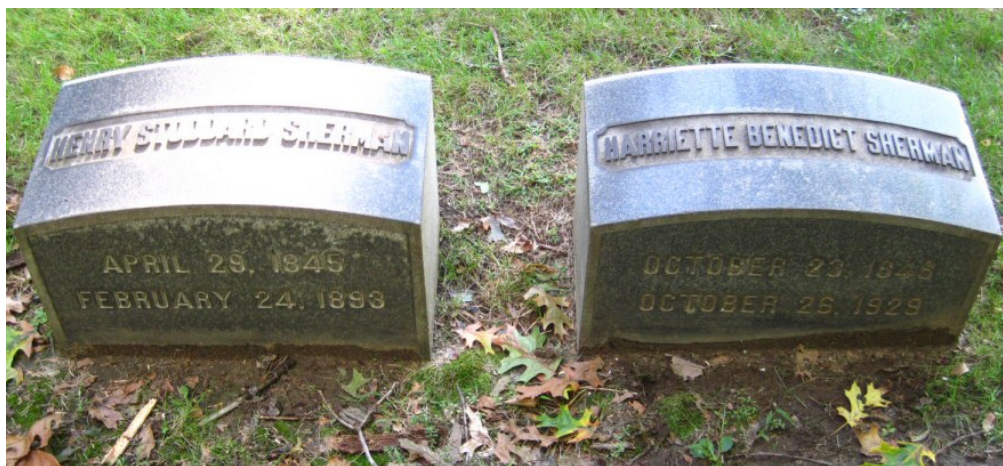
Cemetery

Relationship: Nephew of General William T. Sherman
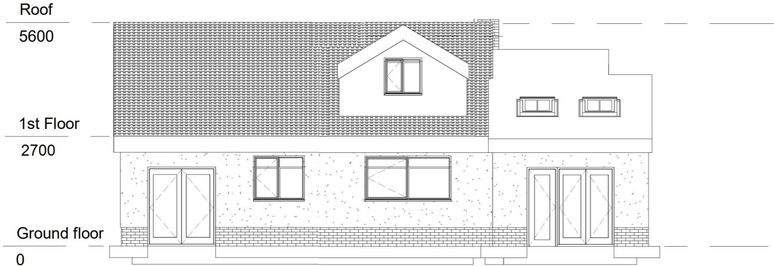
Proposed Rear Elevation (2)
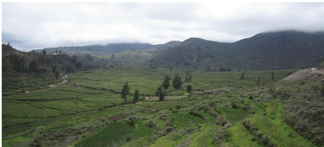
FIGURE 4 The campiña of Cabanaconde, the village's largest agricultural area.

resistance from Cabaneños (Gelles 2000: 69–74). A small group of villagers supported the state's attempt to modernize water management, but the majority opposed it, pointing to the advantage of using a dual model that
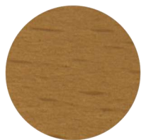
FAGGIO T. ROVERE OAK STAINED BEECH
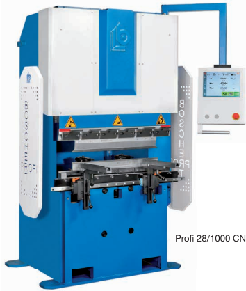
Profi 28/1000 CNC

The BOSCHERT Profi 28 NC and Profi 28 CNC are precision hydraulic press brakes. The extremely compact and robust structure of these machines and the twin guides guarantee ram repeatability of 0.02mm.
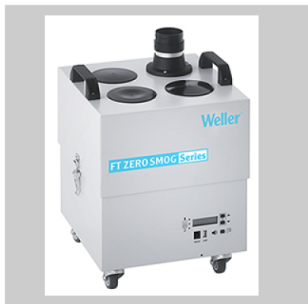
Solder fume extractors
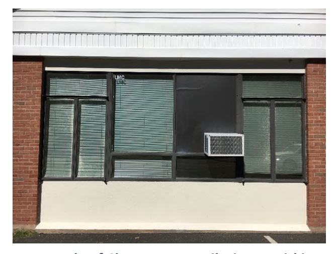
Example of Classroom Ventilation at Pitkin

Pitkin Elementary School was constructed in 1966, and as typical with schools built in that era, exterior windows (natural ventilation) provide the only source of fresh air to classrooms as the building lacks a modern ventilation system. The exaust fans which are of original design to the building only function to "exaust" air out of these spaces. During the heating/cooling season when windows are typically closed, significant reductions in fresh air make-up for classrooms are experienced as more air is "exausted" with little to no fresh air introduced contributing to poor indoor air quality. During milder "shoulder" seasons when
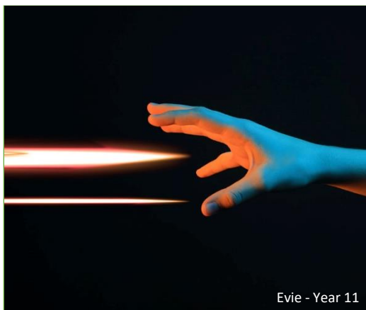
Evie - Year 11

Photography is an Art GCSE. Students studying photography learn how to create and manipulate digital images. More importantly arts subjects encourage self-expression and creativity and help build student confidence as well as a sense of individual identity.
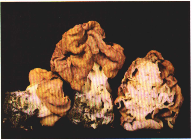
Helvella gigas Good for eating
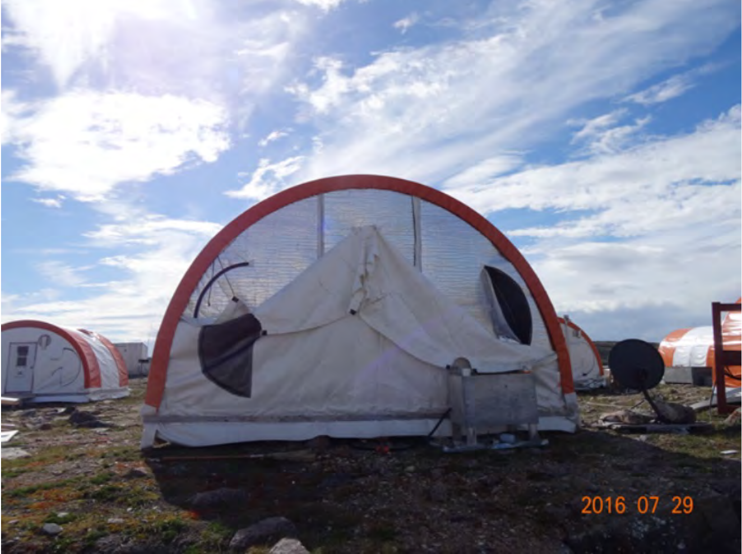
Figure 15 Weather haven tent needs repair
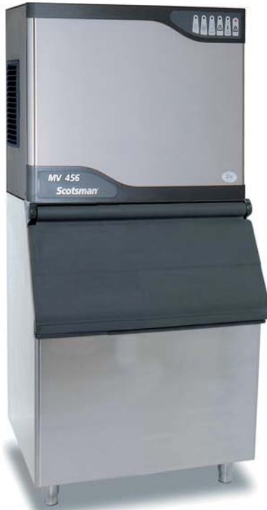
MV 456 with SB393 (sold separately)
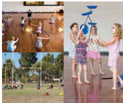
Enjoying the school holiday fun
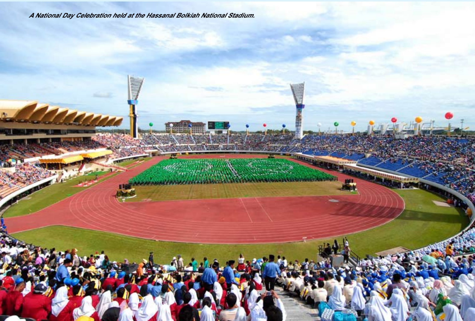
A National Day Celebration held at the Hassanal Bolkiah National Stadium.

The stadium can accommodate up to 25,000 spectators including royal seats, VIP seats and grandstand seats.
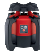
PR 2-HS Red rotating laser
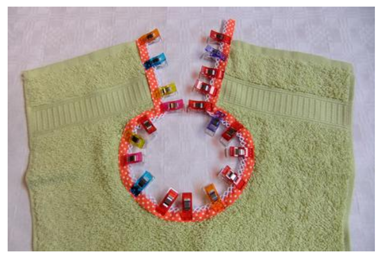
Step 3 - Attach Snaps

Your bib now needs a practical closure. Snaps are an excellent choice as they are easy to attach and available in many colors and shapes. Determine the optimal position for the snaps. Attach them with a special snap plier. Alternatively, you can use velcro.
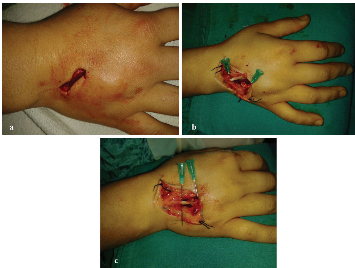
Figs. 4. a: A 39 years old female patient with extensor tendon injury. b: demonstrates the exploration of the proximal and distal ends of the tendon. c: was taken after repair.

all patients, 149 were male and 31 were female. Seventy isolated extensor tendon injuries, 60 isolated flexor tendon injuries, 30 multiple flexor tendon and major nerve injuries, 18 combined extensor and flexor tendon injuries, and 2 combined extensor, flexor and major nerve injuries that were treated in the center were enrolled. There was not any deep radial nerve injury in the series.
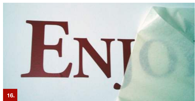
Example 16 ORATAPE® LT52
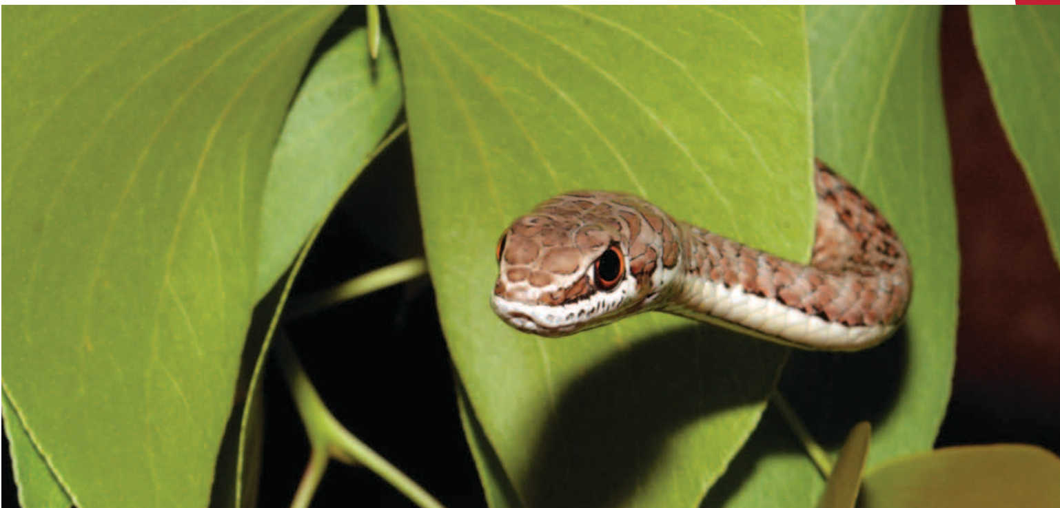
Snake, Wild Coast, Eastern Cape, South Africa.

Currently, there is limited funding in the region to engage civil society organizations and enable them to play a vital role in conservation. Many key biodiversity areas are not formally protected and are inhabited by people who rely on the land for water and other natural resources. Civil society in the hotspot is positioned to take the lead in sustainable conservation within these sites, and it can effectively stimulate partnership between governments and the corporate sector toward conservation of biodiversity.
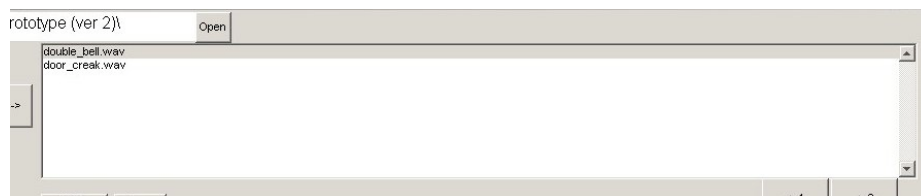
Fig. 2. Top portion of the first interactive prototype. This was moved and its functionality was modified due to expert feedback

The first interactive interface was evaluated with a think aloud protocol, which was possible and appropriate due to the relatively sparse nature of the auditory display. Additionally, the participants needed little, if any, guidance after the initial instructions. These sessions produced significant feedback about the interaction and layout of the interface, as well as the particular way that the system would play the audio.
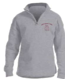
1/4 Zip Cotton Sweatshirt Adult $47 / Youth $42 VINTAGE GRAY
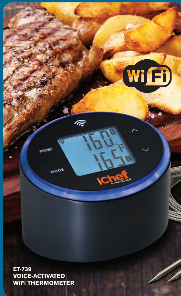
ET-739 VOICE-ACTIVATED WiFi THERMOMETER

iOS and Android Compatible Voice-Activated with Alexa Bluetooth-Enabled. Comes with 2 Probes +32°F to +572°F / +0°C to +300°C
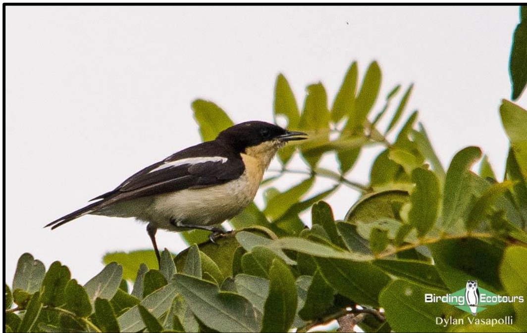
Miombo woodlands near Harare should produce sightings of Southern Hyliota .

Harare is a birdy city, with the lush gardens and woodlands allowing birdlife to thrive. Additionally, the city and some of the surrounding areas on the Mashonaland Plateau host some of the finest tracts of the unique miombo woodland in the country. Dominated by Brachystegia trees, covered in lichen and moss, this woodland hosts several species virtually confined to these patches. We have a full day at our disposal to explore some of the birding sites in and around Harare, specifically targeting the miombo specials.
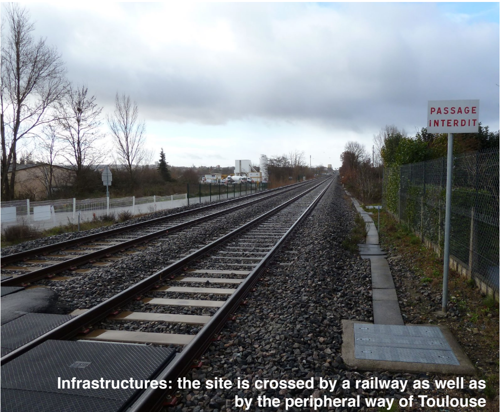
Infrastructures: the site is crossed by a railway as well as by the peripheral way of Toulouse
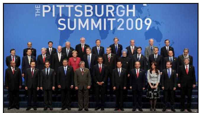
Korea was chosen to host G-20 Summit in November next year at the Pittsburgh Summit held in September.

At the G-20 Summit held in Pittsburgh in September, President Lee Myung-bak and Canadian Prime Minister Stephen Harper announced in a joint statement that the leaders of the world's 20 largest economies would meet in Canada in June and Korea in November for economic policy coordination next year. Korea's hosting of the G-20 Summit in November next year is seen as a breakthrough in the country's diplomatic history.
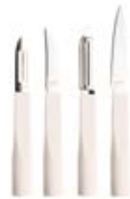
Opaque plastic finish
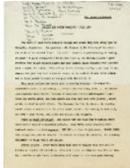
College and Career Fashions - Fall 1956 (KA0018_000005)
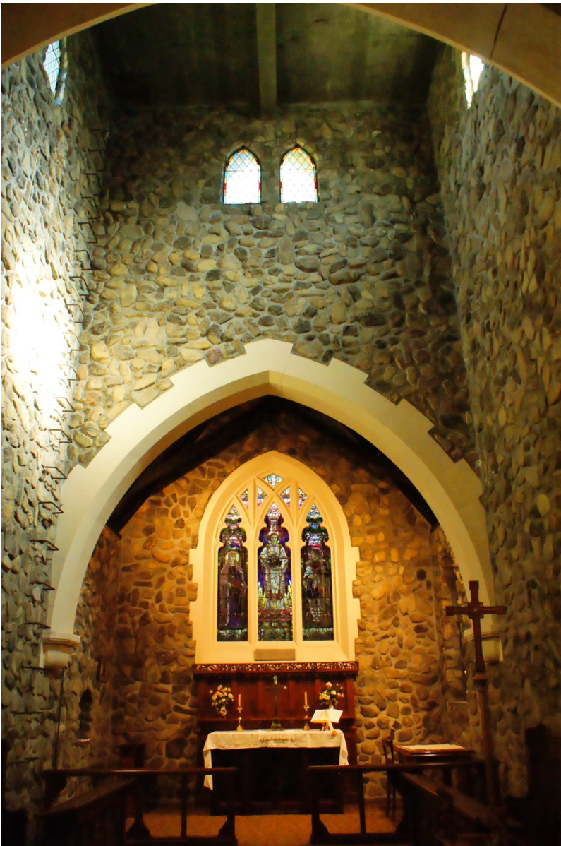
Interior view looking towards Whall window in the sanctuary.
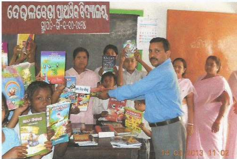
Headmistress, Deulabera Primary School, Talcher receiving Library Books from M/s Global Coal & Mining Pvt. Ltd., Talcher
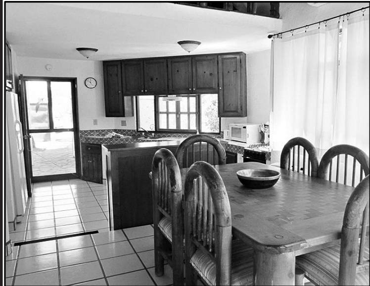
Casa 7 Dining Room and Kitchen

Fishing in the Loreto Bay National Marine Park can be exceptional for migratory dorado, yellowtail, sailfish, marlin and many other resident species.
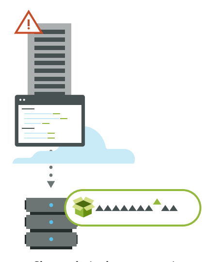
Choose desired recovery point
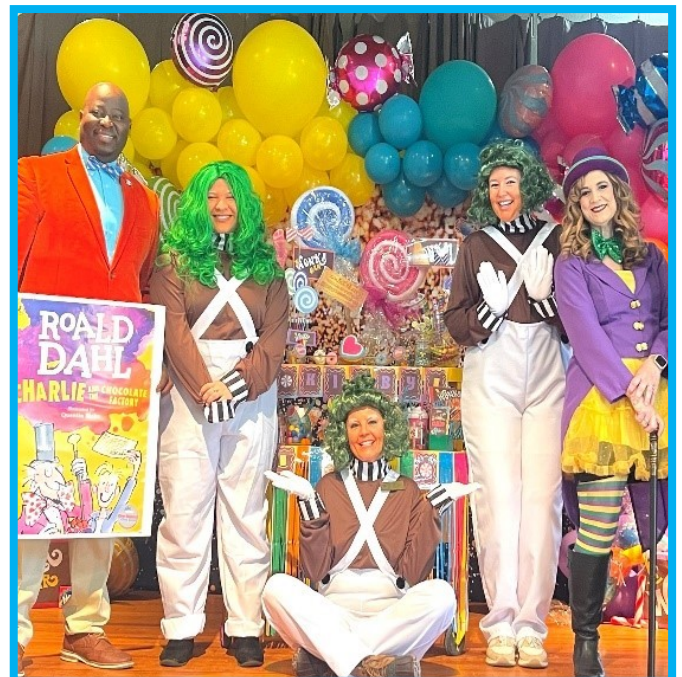
The Kilby faculty help bring the Willy Wonka characters to life!
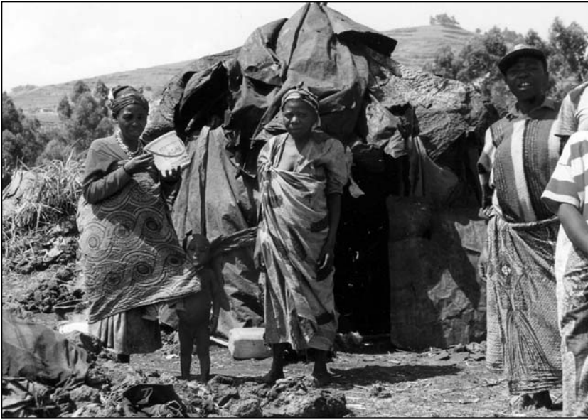
Fig. 3. Twa evicted from Mgahinga National Park squatting in huts made from plastic bags on wasteland in Kisoro town, south-western Uganda, 2002.

indigenous peoples' collective rights are being recognized in international law (Colchester 2002), although the strongest resistance to this move has come from settler societies such as Canada, Australia and America, and from their political allies such as the current UK government (Asch & Sampson 2003).
..............................
• Try it
Only the lines above from the one containing "1/4 Zip Cotton" through the one containing "Miombo woodlands near" should be returned, verbatim and inclusive, with pictures excluded.

• Result of this exercise
1/4 Zip Cotton Sweatshirt Adult $47 / Youth $42 VINTAGE GRAY
ET-739 VOICE-ACTIVATED WiFi THERMOMETER

iOS and Android Compatible Voice-Activated with Alexa Bluetooth-Enabled. Comes with 2 Probes +32°F to +572°F / +0°C to +300°C
Miombo woodlands near Harare should produce sightings of Southern Hyliota .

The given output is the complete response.